Las historias de gánsteres heredaron, al menos en parte, la esencia del wéstern original, porque nacieron de forma muy parecida. Es interesante observar las similitudes: siempre hubo historias sobre delincuentes, piratas, bandoleros, etc., en todo el planeta. Sin embargo, los gánsteres de la ficción moderna nacen de una realidad histórica también muy delimitada en lo geográfico y temporal: la prohibición del alcohol que, entre enero de 1920 y diciembre de 1933, provocó un vendaval de desorden en el seno de una sociedad estadounidense que quería verse como estable y moderna. Los malhechores callejeros dejaron de ser pandilleros anónimos y entraron en la categoría de leyendas, al igual que había sucedido con los forajidos del salvaje Oeste.
Los años veinte vieron el ascenso de Al Capone, una persona real que aparecía en los periódicos casi a diario. Siendo todavía un criminal en activo, se convirtió en uno de los individuos más famosos del planeta y en un personaje de ficción, porque pronto se publicaron seriales novelados y tan pronto como en 1932 se estrenó la película Scarface, inspirada en él. Al público le fascinaba el uso de medios violentos para manipular la realidad en favor propio; no lo aprobaban, pero tampoco podían apartar la vista. Uno de los objetivos últimos de la civilización —esto es, la vida en las ciudades— consiste en evitar que la violencia tenga recompensa, pero lo gánsteres acumularon un gran poder precisamente en los entornos más modernos y urbanitas —Nueva York, Chicago, etc.— donde, se suponía, reinaban la ley y el orden. Los mafiosos estadounidenses no se escondían en pueblos de la campiña italiana. Capone no provenía de un secarral de Sicilia, sino que era un neoyorquino nacido y crecido en la capital del mundo, que después se apoderó de las calles, periódicos e instituciones de Chicago. Era como si el salvaje Oeste, por entonces ya extinto en las grandes llanuras, se hubiese mudado a las grandes ciudades.
Una generación atrás, las grandes ciudades habían sido vistas como la garantía del orden y el progreso frente al mundo amenazante del salvaje Oeste. En 1920, era un recuerdo todavía muy reciente. En 1920, cuando se instauró la Ley Seca, habían transcurrido solamente treinta años desde el final de la era del salvaje Oeste, decretada oficialmente por el gobierno en 1890. Entre el final del salvaje Oeste y el auge de Capone transcurrieron pues los mismos años que entre nuestro presente y el Nevermind de Nirvana. Otro dato: cuando se instauró la Ley Seca, solamente habían pasado once años desde la muerte de legendarios prohombres de las guerras indias como el líder apache Gerónimo o el líder sioux Nube Roja, ambos fallecidos en 1909. El famoso Buffalo Bill había muerto en 1917, apenas tres años antes de la Prohibición. Para los estadounidenses de los años veinte, el salvaje Oeste no era un mundo arcaico; en 1920, aún quedaba mucha gente que había vivido esa época, bien in situ, bien a través de las noticias.

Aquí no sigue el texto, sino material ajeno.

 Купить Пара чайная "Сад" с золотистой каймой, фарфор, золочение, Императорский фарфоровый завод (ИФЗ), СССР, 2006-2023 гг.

El wéstern no podría haber nacido en Europa, por varias razones. La principal, que desde tiempos del Imperio romano no existía una frontera «salvaje» dentro de los países europeos. Las luchas abiertas contra los nativos en los territorios conquistados en África, Asia y Oceanía eran lejanas y cada vez más censurables. Es verdad que los nativos de Norteamérica fueron sometidos a un genocidio sobre el que nadie se engañaba ni siquiera en el siglo XIX; salvo para aquellos desaprensivos que defendían la doctrina del «destino manifiesto» —la idea de que los nativos debían desaparecer para dejar sitio a la civilización—, el desplazamiento forzoso de los indios era considerado por muchos como un subproducto lamentable de la colonización. No obstante, al mismo tiempo había un excitante mundo paralelo de pistoleros, duelos, forajidos que huían a las montañas, buscadores de oro que perdían sus ganancias en el póker, constructores de ferrocarriles, granjeros que peleaban contra los elementos… el salvaje Oeste ofrecía aventuras alejadas de la política.

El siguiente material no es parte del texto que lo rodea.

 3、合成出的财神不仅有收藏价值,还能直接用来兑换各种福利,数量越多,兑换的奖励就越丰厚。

La colonización europea de otros continentes también originó un género de aventuras, pero empezó a perder el atractivo de lo exótico conforme avanzaba el siglo XIX. Las noticias que llegaban a Europa desde Asia y África eran cada vez deprimentes. Tanto, que muchos europeos preferían no darse por enterados de los peores detalles, aunque hubo cronistas que, de manera directa o mediante la ficción, se encargaron de ofrecer un tétrico recordatorio. En 1899, cuando Joseph Conrad describió la explotación del Congo con un apropiado tono de espeluznante pesadilla febril, quedaba claro que era difícil seguir creyendo en las fantasías del estilo Emilio Salgari. Es más, el propio Salgari cambió su tono y tuvo tiempo para criticar los males del colonialismo —eso sí, de manera sui generis— en obras como Los dramas de la esclavitud: «¿Acabará alguna vez este torrente de vergüenza? (…) Será entonces cuando reine la paz en aquellas tribus, por fin felices al cobijo de sus selvas maravillosas, olvidando con el paso del tiempo la sangre y las lágrimas derramadas por los millones de esclavos brutalmente arrancados de sus países natales».

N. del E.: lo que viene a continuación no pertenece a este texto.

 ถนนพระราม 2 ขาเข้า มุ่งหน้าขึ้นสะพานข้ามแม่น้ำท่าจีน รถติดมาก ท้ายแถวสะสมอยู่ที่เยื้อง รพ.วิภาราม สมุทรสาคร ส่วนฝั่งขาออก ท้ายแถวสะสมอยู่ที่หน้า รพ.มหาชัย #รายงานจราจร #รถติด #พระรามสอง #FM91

Para los europeos, pues, la violencia contemporánea tenía poco de fascinante. La colonización era un asunto moralmente incómodo. Las guerras a gran escala eran catástrofes esporádicas y aparentemente inevitables como las tormentas o las epidemias. Para colmo, parecían tener siempre una justificación, pues eran explicadas —aunque fuese a posteriori— como el resultado forzoso de los imparables movimientos tectónicos de la historia. Rara vez encontraban en la guerra moderna el ancestral atractivo de los héroes. Por ejemplo, la Primera Guerra Mundial fue un insensato despliegue de matanzas donde perdieron la vida millones de soldados, muchos de ellos varones muy jóvenes, y otros tantos civiles de toda condición. Incluso con las consabidas dosis de propaganda, la prensa y el público describieron aquella guerra con pasmado horror. Su violencia no era no la bastante lejana o abstracta como para ser atractiva.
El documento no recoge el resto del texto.